# Moving to Mexico City



## JohnnyZenith (Mar 2, 2009)

Hello,

I wrote on this forum before but for some reason I cannot find my original post.

I am a 32 year old Male from the UK. I lived in Mexico City from 2007 to 2008 for around 9 months and would very much like to return. To be honest I lived off my savings before and only did a little bit of conversational teaching here and there.

Anyway I have only saved about 3000 pounds. However my flight (and return flight )would be paid for by a friend in Mexico and I can live totally rent free near San Angel for as long as I wish as I did before. So yes I have an excellent friend base there.

I have a degree in Media Arts and I speak some Spanish but nowhere near fluent. I do not have a TEFL however so I am not sure as to how easy or hard it would be to find ok paid work to have a decent life on.
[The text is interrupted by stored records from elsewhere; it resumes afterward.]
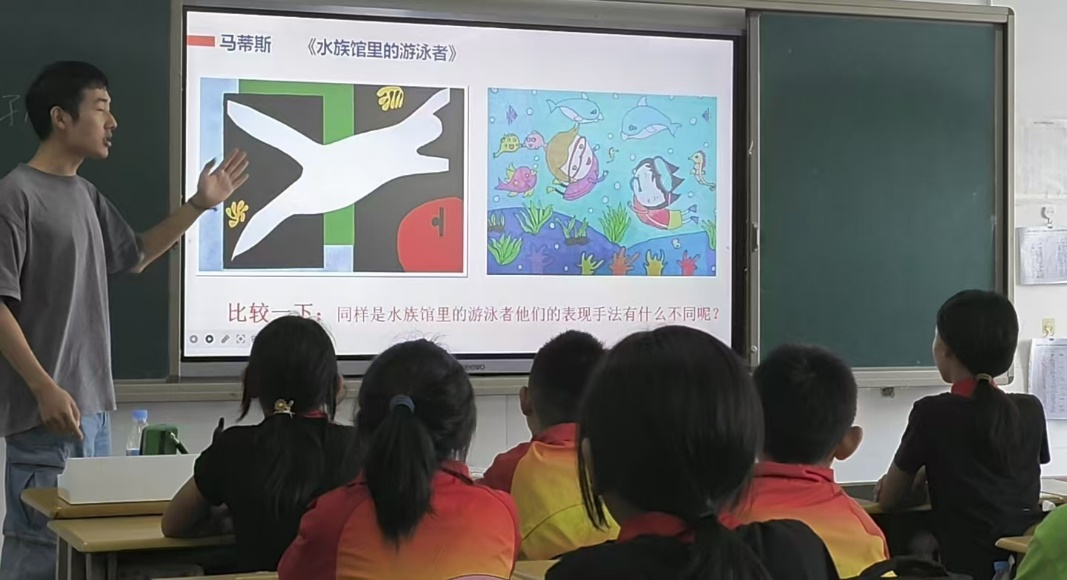 为保证巡回授课的顺利进行,带队教师与巡回授课点学校老师进行了详细沟通、确定了教学任务。为进一步提高授课质量和教学成效,2026世界杯官方合作网站浸润计划帮扶团组成了音体美三个教学小组,围绕授课主题开展了多次磨课活动。最终由2026世界杯官方合作网站赵亦亮以“你我手牵手,共同向前冲”为主题,结合四年级学生的身心特点,进行了一堂有趣的《站立式起跑》的教学活动;艺术与设计学院研究生孙成为五年级学生讲授美术课《奇特的梦》;昌兴国际艺术学院陈海若为六年级学生讲授音乐课《傣族传统乐器鉴赏:葫芦丝与象脚鼓》,这些精彩而专业、有趣的课堂,获得了同学们的喜爱和热烈掌声,让孩子们的笑容绽放在了脸上。
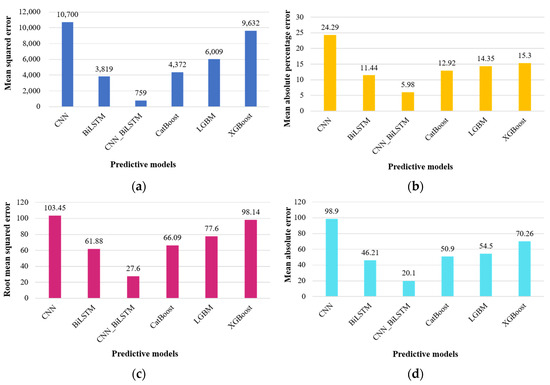 When comparing with benchmark deep learning models, the CNN_BiLSTM model stands out, displaying a significantly lower MAPE, which is reduced by approximately five times compared to these models. The reduction in MAPE ranges from 5.98% to 24.29%. In contrast, the machine learning models’ predictive capabilities fall short in comparison to the CNN_BiLSTM model. In summary, the CNN_BiLSTM consistently delivers superior forecasting performance.
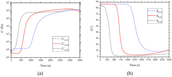 Evolution of (a) storage modulus (G′) and (b) phase angle ( with time of the partially bio-based epoxy resins subjected to standard curing (SC) treatment, obtained by rheometry.
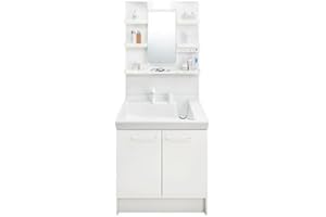 洗面化粧台 間口750mm 真っ白な清潔感と木の温かみが調和する 全収納タイプ ローカー付き 洗面ボウル 和モダンな雰囲気を持つ、リラックスしたバスルームを実現
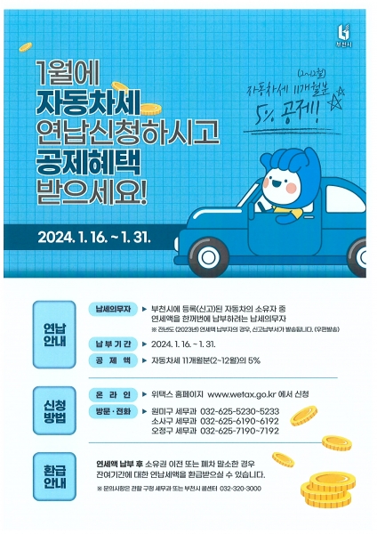 부천시, 1월에 자동차세 한꺼번에 내면 공제 혜택 제공
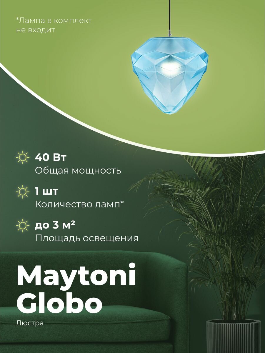 Подвесной светильник Globo P053PL-01BL - продукт известной компании Maytoni (Германия). Имеет максимальную мощность 40 Вт, освещает площадь до 2 кв. м. Отлично подойдет для таких мест, как гостиная, кафе, кухня, над кухонным островом, офис, прихожая и коридор. Впишется в интерьеры следующих стилей: модерн.

Is there any possibilities for someone like me to work for a multinational or any other company there? There is also the possibility of doing an English taught Masters but it must be prohibitively expensive.

The truth is not only do I love the place but i'm in a dead end job here with all my friends gone away. I'm single and have no dependants.

Thanks for your time


----------



## RVGRINGO (May 16, 2007)

Your biggest problem will be that you have to show INM (Immigration) proof of income/resources in order to get a visa to stay longer than the 180 days permitted on an FMM. Working will require special permission from INM as well, and it will be specific to a particular job. An employer must support you in that application.
If you could land a position with an international firm which does business in Mexico, that might lead to a transfer to Mexico and satisfy your needs.
Buena suerte.


----------